Task requirements:
Could you copy every line from the material below in which "earrings" appears?

Data under study: Begin

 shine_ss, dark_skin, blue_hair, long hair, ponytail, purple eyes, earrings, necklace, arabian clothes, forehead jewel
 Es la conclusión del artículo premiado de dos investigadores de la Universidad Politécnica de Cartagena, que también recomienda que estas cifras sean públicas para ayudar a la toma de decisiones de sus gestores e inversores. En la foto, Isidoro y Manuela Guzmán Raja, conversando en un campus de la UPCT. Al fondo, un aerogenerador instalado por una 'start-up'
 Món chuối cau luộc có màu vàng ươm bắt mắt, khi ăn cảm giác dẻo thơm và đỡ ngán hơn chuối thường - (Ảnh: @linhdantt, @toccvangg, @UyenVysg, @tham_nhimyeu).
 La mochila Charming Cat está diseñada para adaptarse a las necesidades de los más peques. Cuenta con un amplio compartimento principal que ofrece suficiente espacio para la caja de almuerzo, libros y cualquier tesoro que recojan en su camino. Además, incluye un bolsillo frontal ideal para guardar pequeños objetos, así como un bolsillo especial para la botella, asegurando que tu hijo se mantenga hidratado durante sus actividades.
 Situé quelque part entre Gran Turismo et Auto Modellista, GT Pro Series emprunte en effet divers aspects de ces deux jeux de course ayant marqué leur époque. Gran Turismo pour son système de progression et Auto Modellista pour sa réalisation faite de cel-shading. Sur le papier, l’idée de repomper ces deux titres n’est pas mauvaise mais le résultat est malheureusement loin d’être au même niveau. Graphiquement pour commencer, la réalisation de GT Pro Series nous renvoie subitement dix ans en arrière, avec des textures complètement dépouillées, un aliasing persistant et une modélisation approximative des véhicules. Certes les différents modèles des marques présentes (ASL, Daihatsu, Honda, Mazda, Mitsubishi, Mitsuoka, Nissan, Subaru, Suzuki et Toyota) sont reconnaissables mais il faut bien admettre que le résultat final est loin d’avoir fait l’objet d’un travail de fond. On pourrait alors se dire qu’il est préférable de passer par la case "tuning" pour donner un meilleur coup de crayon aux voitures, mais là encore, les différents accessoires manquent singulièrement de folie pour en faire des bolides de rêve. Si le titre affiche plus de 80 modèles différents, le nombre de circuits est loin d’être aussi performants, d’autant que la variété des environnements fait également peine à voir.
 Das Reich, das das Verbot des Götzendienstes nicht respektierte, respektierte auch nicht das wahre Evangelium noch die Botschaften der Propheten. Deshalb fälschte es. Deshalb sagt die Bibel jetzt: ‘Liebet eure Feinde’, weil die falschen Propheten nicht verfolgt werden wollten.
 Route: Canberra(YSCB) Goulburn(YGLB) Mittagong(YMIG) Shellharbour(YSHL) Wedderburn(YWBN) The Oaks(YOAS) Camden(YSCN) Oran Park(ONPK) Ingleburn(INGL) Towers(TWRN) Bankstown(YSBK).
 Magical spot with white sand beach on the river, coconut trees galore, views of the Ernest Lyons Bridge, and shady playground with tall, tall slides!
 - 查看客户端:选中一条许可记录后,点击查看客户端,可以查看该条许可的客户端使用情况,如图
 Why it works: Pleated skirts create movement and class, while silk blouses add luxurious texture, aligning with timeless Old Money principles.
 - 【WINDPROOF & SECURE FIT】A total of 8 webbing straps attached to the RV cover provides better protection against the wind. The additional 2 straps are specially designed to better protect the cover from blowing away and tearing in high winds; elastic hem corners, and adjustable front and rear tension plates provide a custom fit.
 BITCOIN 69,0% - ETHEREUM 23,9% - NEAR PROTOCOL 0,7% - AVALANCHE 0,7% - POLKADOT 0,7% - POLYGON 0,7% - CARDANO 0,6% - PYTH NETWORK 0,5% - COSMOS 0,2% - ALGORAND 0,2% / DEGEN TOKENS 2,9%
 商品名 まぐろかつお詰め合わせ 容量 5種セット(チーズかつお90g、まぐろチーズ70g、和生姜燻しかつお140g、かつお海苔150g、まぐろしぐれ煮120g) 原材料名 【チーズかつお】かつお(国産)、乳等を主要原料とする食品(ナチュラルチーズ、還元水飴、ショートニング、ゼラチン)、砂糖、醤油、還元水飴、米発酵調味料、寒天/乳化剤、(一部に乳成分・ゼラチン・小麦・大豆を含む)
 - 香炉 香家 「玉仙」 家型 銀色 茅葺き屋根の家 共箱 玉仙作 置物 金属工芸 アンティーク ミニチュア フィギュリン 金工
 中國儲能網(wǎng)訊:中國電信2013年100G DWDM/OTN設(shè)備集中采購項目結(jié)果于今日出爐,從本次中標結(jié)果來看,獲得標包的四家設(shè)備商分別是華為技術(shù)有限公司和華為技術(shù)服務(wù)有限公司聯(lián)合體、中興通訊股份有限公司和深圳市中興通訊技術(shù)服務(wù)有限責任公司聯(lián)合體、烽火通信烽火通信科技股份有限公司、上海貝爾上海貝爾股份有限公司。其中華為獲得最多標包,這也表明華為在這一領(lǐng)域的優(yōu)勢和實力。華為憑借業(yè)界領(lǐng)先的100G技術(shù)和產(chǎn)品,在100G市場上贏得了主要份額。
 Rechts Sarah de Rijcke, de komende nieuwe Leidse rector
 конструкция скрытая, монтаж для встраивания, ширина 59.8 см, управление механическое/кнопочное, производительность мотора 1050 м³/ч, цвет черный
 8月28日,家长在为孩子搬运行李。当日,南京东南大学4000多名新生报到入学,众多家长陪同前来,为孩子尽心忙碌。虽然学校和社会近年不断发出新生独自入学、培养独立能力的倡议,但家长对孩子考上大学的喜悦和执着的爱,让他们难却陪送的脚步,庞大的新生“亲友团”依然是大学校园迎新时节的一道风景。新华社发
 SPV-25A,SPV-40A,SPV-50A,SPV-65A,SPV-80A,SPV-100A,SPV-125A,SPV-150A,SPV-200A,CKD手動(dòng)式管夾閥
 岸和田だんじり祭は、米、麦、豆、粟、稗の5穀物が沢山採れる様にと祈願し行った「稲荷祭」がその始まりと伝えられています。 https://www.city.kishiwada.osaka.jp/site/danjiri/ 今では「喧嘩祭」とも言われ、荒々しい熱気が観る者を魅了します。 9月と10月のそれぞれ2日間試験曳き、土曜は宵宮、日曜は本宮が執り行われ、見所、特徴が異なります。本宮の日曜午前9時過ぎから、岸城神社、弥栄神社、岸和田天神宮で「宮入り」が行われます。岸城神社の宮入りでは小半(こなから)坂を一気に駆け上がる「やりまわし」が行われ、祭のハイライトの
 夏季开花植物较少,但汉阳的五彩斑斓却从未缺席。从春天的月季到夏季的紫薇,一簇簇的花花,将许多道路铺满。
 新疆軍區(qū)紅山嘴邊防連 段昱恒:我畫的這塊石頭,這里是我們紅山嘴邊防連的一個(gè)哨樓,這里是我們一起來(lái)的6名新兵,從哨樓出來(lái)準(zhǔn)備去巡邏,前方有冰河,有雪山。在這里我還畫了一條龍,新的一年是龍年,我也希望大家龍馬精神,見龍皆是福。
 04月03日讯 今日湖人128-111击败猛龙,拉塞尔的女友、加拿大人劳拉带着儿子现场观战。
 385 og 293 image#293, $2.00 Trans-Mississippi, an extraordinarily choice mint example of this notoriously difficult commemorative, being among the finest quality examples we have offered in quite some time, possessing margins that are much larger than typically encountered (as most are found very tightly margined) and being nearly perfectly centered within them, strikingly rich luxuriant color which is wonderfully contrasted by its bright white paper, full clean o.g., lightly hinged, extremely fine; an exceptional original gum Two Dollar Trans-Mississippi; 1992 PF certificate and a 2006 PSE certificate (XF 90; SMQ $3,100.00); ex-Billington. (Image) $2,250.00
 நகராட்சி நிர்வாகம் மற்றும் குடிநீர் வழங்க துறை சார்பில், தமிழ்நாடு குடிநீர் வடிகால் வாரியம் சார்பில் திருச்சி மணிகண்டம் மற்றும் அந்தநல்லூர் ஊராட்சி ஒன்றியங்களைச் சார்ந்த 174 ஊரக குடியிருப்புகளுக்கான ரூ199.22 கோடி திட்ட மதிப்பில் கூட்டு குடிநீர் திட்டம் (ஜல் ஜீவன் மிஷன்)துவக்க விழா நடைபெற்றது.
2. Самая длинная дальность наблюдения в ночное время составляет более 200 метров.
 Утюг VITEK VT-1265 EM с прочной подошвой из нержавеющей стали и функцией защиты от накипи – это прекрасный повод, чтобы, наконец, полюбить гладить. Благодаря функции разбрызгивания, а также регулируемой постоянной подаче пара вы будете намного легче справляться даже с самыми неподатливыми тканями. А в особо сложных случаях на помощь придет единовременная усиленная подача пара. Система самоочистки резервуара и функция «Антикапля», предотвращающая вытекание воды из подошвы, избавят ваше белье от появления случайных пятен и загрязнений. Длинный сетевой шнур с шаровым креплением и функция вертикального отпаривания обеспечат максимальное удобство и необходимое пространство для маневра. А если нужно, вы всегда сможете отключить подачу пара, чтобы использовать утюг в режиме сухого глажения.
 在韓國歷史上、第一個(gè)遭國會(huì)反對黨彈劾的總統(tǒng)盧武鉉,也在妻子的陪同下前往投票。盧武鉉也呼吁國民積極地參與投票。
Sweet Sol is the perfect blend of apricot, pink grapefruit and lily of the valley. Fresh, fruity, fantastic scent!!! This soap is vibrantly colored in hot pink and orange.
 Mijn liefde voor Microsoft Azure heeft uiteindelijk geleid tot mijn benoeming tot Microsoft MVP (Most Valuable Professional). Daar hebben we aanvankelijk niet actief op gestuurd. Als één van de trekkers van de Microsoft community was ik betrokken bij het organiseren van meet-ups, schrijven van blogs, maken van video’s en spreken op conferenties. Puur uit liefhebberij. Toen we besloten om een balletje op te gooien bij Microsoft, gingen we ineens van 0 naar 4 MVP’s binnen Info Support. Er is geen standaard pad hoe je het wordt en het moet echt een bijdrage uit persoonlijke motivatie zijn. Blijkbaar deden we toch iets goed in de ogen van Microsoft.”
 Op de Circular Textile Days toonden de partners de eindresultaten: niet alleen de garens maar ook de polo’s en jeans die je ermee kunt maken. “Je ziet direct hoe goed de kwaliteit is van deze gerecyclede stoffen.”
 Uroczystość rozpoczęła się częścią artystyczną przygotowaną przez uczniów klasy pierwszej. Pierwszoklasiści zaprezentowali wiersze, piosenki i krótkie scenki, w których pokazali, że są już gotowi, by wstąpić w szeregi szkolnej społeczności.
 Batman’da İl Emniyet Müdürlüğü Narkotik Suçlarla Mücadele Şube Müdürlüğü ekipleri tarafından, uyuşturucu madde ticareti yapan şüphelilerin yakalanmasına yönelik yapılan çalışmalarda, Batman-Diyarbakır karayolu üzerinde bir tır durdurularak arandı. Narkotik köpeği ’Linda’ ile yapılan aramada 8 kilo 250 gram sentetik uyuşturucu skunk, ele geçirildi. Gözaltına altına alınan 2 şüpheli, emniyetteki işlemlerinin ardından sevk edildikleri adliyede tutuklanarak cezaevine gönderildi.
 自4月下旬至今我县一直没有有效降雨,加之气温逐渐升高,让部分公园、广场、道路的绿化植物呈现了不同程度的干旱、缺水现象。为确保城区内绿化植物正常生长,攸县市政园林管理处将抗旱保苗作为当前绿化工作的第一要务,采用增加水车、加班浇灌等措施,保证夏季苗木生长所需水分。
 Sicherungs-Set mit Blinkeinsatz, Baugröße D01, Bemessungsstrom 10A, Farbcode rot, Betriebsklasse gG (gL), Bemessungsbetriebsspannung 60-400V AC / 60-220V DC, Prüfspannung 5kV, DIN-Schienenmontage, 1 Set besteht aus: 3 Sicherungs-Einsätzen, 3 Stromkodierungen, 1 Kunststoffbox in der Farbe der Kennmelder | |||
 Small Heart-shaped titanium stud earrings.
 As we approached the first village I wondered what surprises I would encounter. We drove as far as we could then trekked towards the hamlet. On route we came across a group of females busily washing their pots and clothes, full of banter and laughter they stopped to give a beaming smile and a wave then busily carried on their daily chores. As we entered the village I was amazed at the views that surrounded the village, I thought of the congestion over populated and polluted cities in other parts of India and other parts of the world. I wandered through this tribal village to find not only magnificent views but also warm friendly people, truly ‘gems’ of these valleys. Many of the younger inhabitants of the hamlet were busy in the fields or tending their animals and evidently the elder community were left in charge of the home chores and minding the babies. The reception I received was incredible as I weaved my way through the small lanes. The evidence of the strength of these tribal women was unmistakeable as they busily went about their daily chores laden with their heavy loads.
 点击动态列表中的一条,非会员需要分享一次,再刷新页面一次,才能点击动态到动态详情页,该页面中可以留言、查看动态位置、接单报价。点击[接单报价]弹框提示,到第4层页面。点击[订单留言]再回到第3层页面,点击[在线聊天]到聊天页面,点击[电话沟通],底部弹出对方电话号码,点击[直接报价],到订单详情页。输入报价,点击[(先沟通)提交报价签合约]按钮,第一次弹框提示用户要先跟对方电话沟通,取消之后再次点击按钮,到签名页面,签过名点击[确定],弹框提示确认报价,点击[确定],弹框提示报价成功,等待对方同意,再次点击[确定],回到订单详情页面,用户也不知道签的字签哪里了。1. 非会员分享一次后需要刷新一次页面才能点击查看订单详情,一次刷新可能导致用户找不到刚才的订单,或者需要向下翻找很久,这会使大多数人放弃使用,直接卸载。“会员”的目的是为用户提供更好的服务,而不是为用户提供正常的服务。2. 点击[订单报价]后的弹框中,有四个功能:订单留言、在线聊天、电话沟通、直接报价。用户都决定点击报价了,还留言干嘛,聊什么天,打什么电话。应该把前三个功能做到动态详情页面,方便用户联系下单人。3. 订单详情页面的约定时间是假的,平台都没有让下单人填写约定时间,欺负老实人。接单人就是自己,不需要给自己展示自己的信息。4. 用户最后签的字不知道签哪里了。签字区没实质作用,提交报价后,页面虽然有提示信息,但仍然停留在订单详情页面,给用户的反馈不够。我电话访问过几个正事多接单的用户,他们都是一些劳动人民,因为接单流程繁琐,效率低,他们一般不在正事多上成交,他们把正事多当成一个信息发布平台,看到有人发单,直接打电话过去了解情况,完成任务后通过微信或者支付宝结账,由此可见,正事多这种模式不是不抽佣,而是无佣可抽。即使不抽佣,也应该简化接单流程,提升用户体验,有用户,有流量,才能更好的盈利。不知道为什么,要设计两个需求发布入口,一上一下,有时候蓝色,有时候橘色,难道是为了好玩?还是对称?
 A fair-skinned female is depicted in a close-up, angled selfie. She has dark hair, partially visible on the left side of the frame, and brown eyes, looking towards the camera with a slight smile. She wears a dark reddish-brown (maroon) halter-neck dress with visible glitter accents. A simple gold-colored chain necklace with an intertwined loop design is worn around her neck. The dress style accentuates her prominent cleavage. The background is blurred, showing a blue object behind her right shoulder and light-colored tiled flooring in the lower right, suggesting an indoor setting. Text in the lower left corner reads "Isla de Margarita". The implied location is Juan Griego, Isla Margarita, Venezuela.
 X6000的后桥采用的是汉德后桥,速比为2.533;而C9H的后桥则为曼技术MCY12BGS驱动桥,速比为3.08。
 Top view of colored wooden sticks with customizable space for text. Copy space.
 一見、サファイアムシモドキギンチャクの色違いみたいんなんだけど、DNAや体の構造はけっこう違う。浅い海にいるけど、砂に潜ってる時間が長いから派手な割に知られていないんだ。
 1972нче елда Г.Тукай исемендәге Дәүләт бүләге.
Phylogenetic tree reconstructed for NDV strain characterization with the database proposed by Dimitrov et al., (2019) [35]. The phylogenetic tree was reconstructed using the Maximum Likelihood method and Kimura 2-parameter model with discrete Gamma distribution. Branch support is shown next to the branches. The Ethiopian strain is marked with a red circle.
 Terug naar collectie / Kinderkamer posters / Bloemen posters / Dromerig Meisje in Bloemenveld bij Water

Data under study: End

Solution to this problem:
 shine_ss, dark_skin, blue_hair, long hair, ponytail, purple eyes, earrings, necklace, arabian clothes, forehead jewel
 Small Heart-shaped titanium stud earrings.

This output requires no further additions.